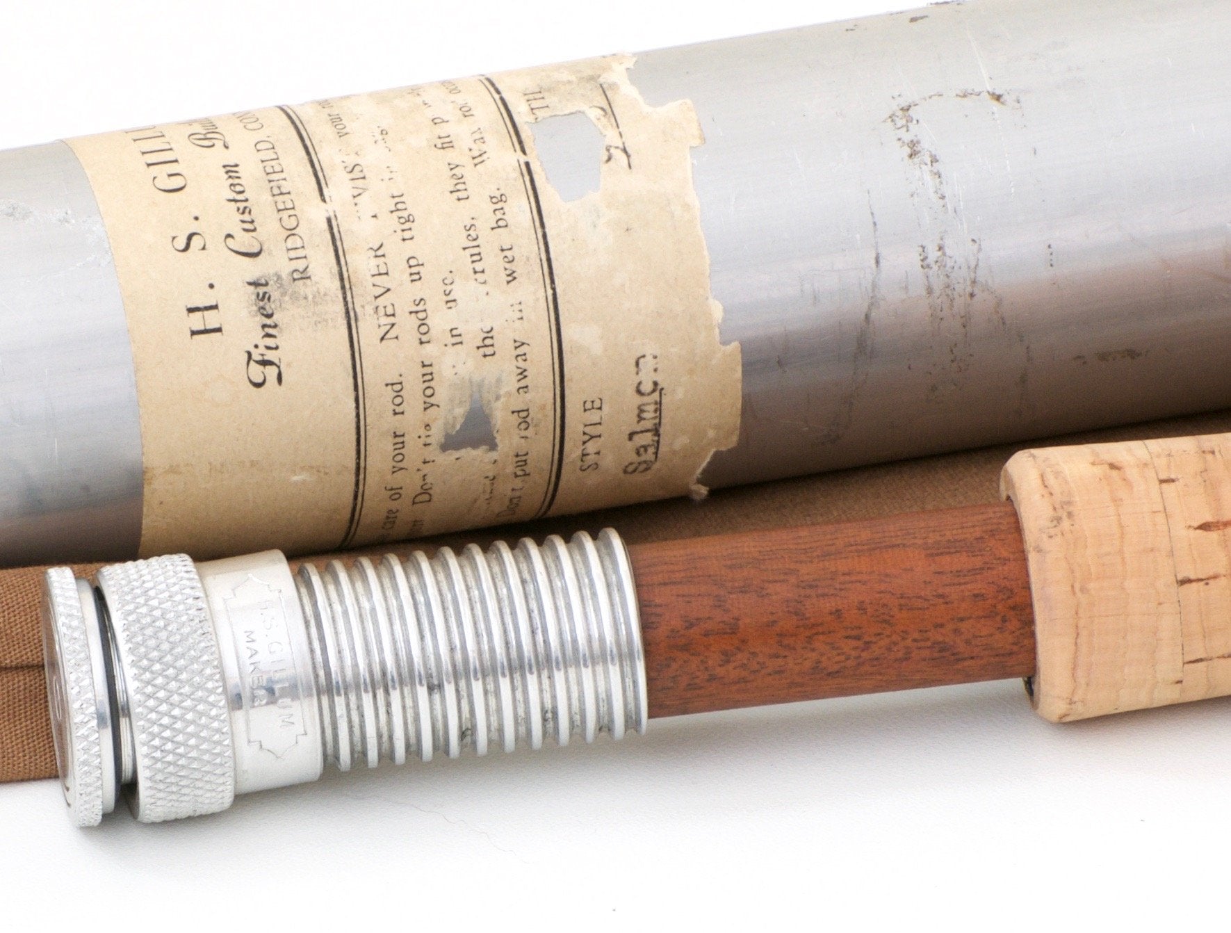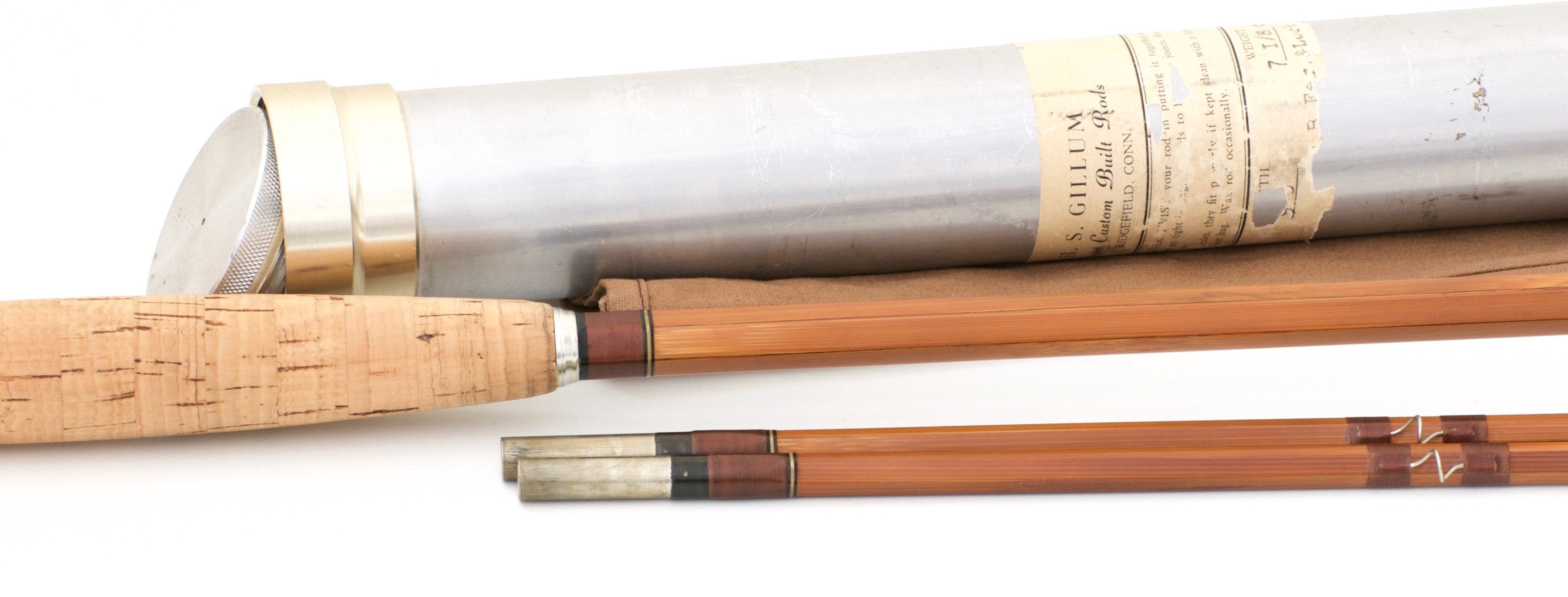 For sale here is a Harold S. "Pinky" Gillum 9'6" 2/2 salmon fly rod. Serial no. I929. The rod is in excellent+ condition. There are a few very minor use marks in the varnish. The last guide up on one of the tips exhibits very light fraying on the edge of the upper wrap. The winding check and wrap are both replacements. All sections are full length and arrow straight.
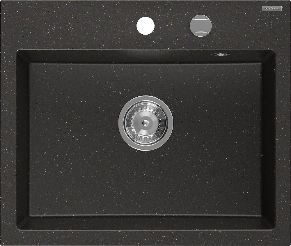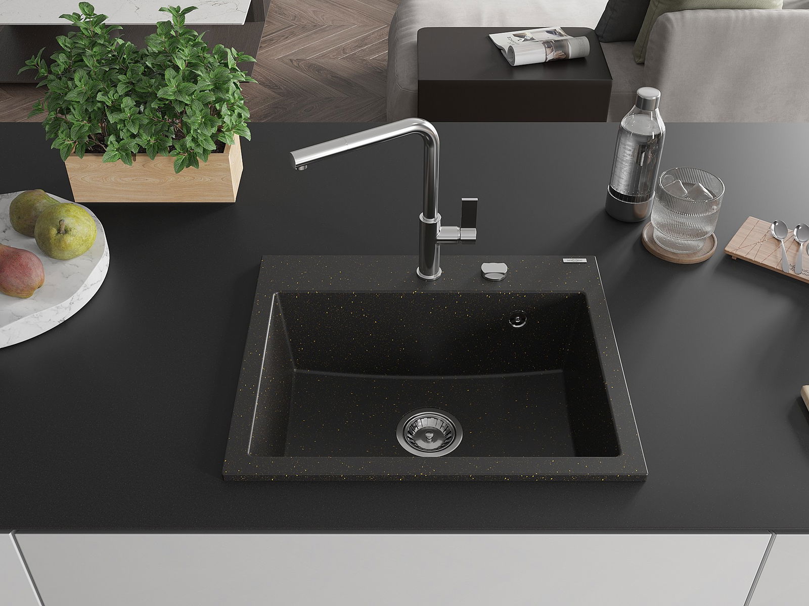 Mexen Oscar Granite Kitchen Sink 1-Bowl 580 x 490 mm, Black/Gold Metallic, Chrome Siphon - 6519581000-75
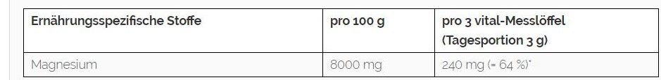 | Guarantee | 100% ohne Zusatzstoffe. Dieses Erzeugnis enthält keine Magnesiumstearat, Anti-Reibungsmitteln, Bindemitteln, Füllstoffe, Hefe, Gluten, Stärke, Lactose, künstliche Süßstoffe, Aromen, Zusatz von Salz, Zusatz von Zucker, Farben oder Konservierungsmitteln. |
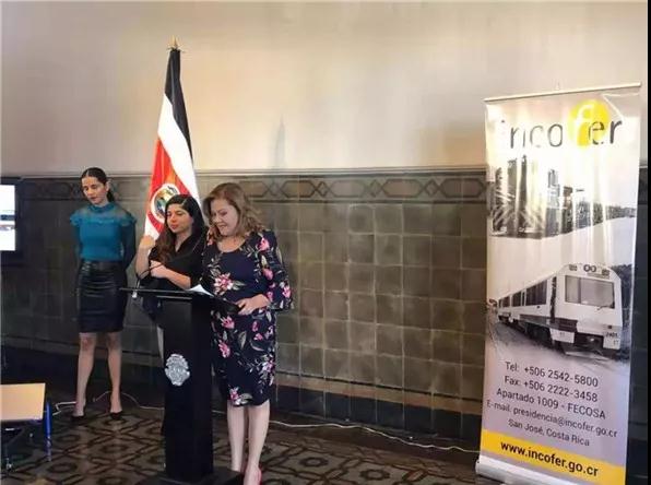 哥斯達黎加總統(tǒng)卡洛斯·阿爾瓦拉多(中)攜夫人(右一)與鐵路局董事長(左一)共同出席發(fā)布會

Your instructions → Leave the pictures out and set down the rest of the listing above exactly.

Response box →
 For sale here is a Harold S. "Pinky" Gillum 9'6" 2/2 salmon fly rod. Serial no. I929. The rod is in excellent+ condition. There are a few very minor use marks in the varnish. The last guide up on one of the tips exhibits very light fraying on the edge of the upper wrap. The winding check and wrap are both replacements. All sections are full length and arrow straight.
 Mexen Oscar Granite Kitchen Sink 1-Bowl 580 x 490 mm, Black/Gold Metallic, Chrome Siphon - 6519581000-75
 | Guarantee | 100% ohne Zusatzstoffe. Dieses Erzeugnis enthält keine Magnesiumstearat, Anti-Reibungsmitteln, Bindemitteln, Füllstoffe, Hefe, Gluten, Stärke, Lactose, künstliche Süßstoffe, Aromen, Zusatz von Salz, Zusatz von Zucker, Farben oder Konservierungsmitteln. |
 哥斯達黎加總統(tǒng)卡洛斯·阿爾瓦拉多(中)攜夫人(右一)與鐵路局董事長(左一)共同出席發(fā)布會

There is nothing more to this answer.